The Tanner’s Daughter – Episode 24

Jane is reunited with Margery Illustration: Mandy Dixon

“He’s put in the hours, I shall give him that,” Constance said, with a grudging sniff.

“Will has worked day and night to get everything done. Why, I’ve scarcely seen him for weeks,” Jane replied calmly.

Constance sniffed again.

“Tsk! So already he neglects you. A fine husband.”

“Mother!” Jane fiddled with a loose thread on her kirtle. “I was merely illustrating the point.

“I wish you would make your peace with Will. What harm has he done to you?”

“Only taken my daughter from me.”

“He hasn’t. I am here, Mother. I shall always be here for you.

“I know you grieve for Father, we both do. But he’s gone and we must accept it. Father would not have wanted this continued upset, would he?”

Constance shrugged.

“There is one thing only that would satisfy me – sell Hatton’s.

“Have done with it. Put an end to the worry and move to some spot where we would not be besieged by creditors clamouring for their spoils.”

“But we are not.
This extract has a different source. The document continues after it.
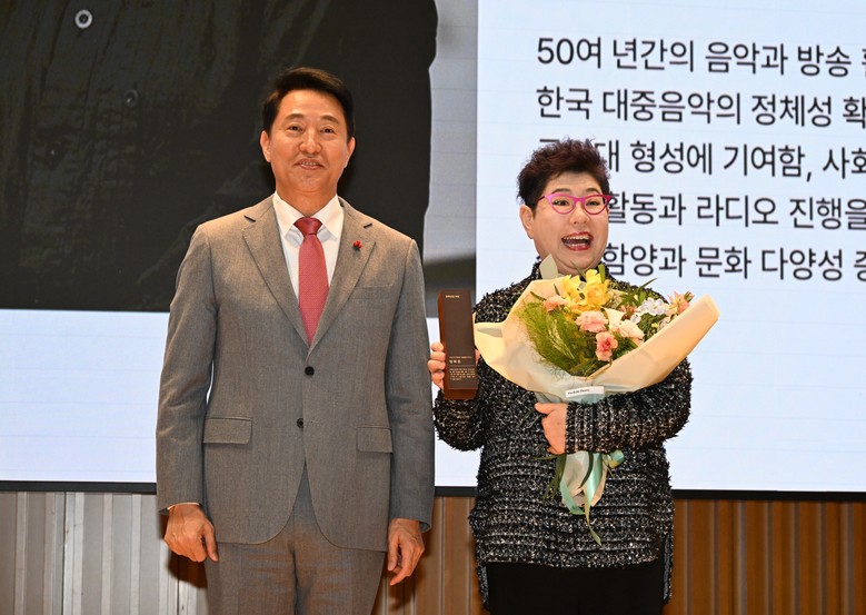| ▲ 오세훈 서울시장이 1일(월) ‘제74회 서울특별시 문화상’ 시상식에서 수상자(문화산업 분야 양희은 씨)에게 상패 전달 후 기념 촬영하고 있다. |

Will has stopped all that.”

“For now. It won’t last; it cannot. He treads uncertain ground with his fine talk and swagger.

“Wait until a member of the Glovers’ Guild sets up in competition to his precious shop. See what happens then.”

Jane’s face was resolute.

“I’m not selling Hatton’s, Mother.”

“Then you are a fool. There are still some interested in buying. Thomas Glasier, for one.”
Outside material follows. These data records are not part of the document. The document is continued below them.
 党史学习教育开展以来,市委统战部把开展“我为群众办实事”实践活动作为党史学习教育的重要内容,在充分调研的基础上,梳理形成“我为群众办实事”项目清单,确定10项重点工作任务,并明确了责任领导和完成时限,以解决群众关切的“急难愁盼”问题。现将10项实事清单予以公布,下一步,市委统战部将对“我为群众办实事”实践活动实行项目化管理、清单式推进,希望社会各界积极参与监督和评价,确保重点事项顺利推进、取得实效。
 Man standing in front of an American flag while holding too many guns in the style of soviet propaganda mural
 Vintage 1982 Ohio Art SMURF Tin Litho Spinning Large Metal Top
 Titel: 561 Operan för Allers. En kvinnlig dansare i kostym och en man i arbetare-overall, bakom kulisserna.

Constance paused, thinking back to a warm evening in August.

She had been taking a stroll along a short stretch of the city walls when Guildsman Glasier had come walking towards her.
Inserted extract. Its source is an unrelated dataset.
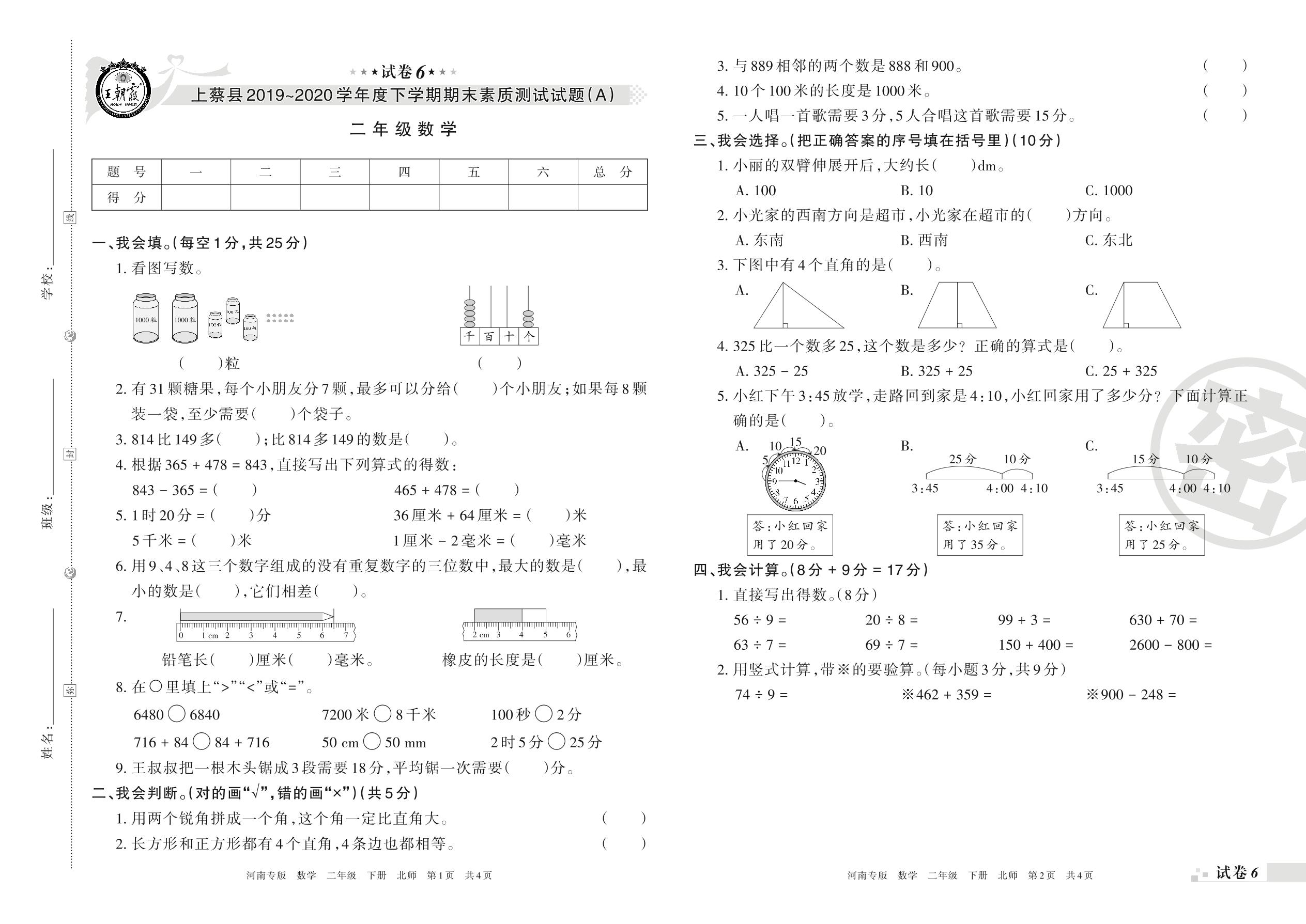 2019-2020学年第二学期驻马店市上蔡县二年级数学试卷(北师版)【6】

He had stopped, politely removing his velvet cap.

“Mistress Hatton. Good evening, ma’am. You are well?”

“Indeed. Good evening, sir.”

They had fallen into conversation and it was not long before Will Leche’s name cropped up.

Glasier’s face darkened.

“Young popinjay! Forgive me, ma’am, if I speak freely. This man clearly wheedled himself into your late husband’s trust.

“The Guild is not happy.”

“I am not surprised.”

“Really? You are not of the same mind, then, as your late husband – may God rest his soul.”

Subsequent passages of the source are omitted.